### Task to carry out
Print, exactly as they appear in the listing below, the lines from the line with "欧美新款花朵包包挂件可爱小花皮质饰品车载钥匙扣配件皮革挂件" to the line with "Botines Estilo Dr.", with both end lines kept.

(Beginning of Given records)

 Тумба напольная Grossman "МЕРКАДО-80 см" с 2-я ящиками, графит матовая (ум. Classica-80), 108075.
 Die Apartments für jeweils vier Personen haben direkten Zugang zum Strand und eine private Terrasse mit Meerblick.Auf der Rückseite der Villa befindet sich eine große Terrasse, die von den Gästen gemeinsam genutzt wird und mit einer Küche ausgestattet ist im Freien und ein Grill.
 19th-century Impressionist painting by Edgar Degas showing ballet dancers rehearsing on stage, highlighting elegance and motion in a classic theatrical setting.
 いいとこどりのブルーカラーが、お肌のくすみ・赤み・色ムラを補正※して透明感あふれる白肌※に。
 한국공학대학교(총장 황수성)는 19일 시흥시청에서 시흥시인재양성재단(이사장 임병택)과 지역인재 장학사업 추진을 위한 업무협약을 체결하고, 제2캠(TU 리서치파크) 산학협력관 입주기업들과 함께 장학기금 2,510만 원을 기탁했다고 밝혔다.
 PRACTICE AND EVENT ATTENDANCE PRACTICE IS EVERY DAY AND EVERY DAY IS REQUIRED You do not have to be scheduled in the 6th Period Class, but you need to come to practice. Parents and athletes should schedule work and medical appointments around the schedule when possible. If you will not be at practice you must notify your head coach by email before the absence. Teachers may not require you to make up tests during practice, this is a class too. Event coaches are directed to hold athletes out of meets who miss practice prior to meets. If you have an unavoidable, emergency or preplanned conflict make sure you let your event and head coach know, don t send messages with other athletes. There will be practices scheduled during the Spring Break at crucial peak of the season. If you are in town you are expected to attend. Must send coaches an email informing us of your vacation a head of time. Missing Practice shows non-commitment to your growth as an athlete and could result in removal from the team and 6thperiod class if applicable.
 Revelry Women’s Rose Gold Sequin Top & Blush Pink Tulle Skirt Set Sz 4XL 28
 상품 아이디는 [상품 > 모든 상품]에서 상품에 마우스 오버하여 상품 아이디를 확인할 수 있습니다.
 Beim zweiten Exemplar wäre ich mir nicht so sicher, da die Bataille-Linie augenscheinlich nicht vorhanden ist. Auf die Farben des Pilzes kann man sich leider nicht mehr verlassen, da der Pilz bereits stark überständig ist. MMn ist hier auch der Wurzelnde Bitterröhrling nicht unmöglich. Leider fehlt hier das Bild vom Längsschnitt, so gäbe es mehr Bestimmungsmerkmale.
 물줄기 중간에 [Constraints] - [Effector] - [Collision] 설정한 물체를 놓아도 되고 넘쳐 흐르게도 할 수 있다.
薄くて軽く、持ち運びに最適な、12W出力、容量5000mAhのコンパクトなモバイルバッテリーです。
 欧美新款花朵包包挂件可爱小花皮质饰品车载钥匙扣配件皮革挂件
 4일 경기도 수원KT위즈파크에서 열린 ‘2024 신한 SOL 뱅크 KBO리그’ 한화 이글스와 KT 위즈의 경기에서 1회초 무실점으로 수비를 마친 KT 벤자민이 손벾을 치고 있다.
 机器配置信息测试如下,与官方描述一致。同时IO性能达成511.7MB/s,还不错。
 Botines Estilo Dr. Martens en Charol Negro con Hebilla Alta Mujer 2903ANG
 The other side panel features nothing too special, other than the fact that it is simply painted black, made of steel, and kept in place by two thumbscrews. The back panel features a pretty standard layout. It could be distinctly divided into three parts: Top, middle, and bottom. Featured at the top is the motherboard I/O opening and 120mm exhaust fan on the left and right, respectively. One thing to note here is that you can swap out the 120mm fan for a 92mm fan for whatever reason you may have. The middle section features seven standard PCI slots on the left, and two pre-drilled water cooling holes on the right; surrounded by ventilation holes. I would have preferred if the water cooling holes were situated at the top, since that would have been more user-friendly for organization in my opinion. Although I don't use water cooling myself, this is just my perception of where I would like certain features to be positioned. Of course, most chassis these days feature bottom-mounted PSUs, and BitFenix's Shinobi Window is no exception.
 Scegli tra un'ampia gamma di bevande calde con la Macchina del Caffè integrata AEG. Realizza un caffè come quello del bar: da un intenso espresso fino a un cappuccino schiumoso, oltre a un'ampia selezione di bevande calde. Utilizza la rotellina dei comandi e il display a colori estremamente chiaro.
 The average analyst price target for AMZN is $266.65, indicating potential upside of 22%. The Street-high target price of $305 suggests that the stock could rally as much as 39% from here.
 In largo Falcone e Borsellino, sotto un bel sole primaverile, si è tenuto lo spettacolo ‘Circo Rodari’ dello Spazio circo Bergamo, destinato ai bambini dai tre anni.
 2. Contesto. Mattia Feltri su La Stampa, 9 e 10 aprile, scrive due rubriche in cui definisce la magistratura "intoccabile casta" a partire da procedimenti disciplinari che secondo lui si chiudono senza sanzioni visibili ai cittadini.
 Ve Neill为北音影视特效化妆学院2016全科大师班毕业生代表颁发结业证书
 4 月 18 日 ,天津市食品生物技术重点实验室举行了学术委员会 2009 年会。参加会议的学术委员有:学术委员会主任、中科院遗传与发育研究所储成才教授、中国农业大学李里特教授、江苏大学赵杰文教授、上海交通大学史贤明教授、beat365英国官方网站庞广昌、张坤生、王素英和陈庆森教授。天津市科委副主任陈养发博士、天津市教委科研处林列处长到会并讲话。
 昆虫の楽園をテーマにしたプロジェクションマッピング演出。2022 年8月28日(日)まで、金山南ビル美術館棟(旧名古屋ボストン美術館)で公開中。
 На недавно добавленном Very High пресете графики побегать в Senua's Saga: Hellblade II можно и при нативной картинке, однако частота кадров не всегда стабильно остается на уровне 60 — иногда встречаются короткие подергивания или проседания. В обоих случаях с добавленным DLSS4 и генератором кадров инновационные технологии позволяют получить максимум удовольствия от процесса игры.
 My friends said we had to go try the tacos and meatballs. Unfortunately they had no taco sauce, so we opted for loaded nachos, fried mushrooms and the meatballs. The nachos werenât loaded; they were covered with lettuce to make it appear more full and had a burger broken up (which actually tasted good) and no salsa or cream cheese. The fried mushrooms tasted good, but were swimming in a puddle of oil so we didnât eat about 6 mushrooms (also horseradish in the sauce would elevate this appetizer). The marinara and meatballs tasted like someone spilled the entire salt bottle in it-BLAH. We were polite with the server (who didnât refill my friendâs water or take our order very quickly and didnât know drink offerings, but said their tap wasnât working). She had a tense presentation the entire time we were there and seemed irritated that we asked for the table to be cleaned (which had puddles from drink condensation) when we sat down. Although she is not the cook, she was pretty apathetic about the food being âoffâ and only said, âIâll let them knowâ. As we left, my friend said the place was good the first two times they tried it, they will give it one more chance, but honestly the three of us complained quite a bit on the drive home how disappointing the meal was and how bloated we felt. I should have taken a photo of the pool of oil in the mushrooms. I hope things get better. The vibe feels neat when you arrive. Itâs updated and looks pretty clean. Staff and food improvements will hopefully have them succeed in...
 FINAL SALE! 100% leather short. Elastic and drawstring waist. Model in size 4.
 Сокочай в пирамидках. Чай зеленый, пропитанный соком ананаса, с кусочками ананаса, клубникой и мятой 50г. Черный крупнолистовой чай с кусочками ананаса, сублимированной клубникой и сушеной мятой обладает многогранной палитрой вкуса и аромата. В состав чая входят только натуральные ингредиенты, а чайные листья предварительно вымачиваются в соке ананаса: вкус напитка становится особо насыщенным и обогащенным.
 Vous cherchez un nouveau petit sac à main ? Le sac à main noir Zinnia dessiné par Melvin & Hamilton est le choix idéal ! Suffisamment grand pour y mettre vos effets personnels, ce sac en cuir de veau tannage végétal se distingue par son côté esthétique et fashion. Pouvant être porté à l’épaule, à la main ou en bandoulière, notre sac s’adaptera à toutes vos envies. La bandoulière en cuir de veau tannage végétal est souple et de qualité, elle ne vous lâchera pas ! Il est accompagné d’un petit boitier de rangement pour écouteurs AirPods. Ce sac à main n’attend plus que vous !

(End of Given records)

### Answer to this problem
 欧美新款花朵包包挂件可爱小花皮质饰品车载钥匙扣配件皮革挂件
 4일 경기도 수원KT위즈파크에서 열린 ‘2024 신한 SOL 뱅크 KBO리그’ 한화 이글스와 KT 위즈의 경기에서 1회초 무실점으로 수비를 마친 KT 벤자민이 손벾을 치고 있다.
 机器配置信息测试如下,与官方描述一致。同时IO性能达成511.7MB/s,还不错。
 Botines Estilo Dr. Martens en Charol Negro con Hebilla Alta Mujer 2903ANG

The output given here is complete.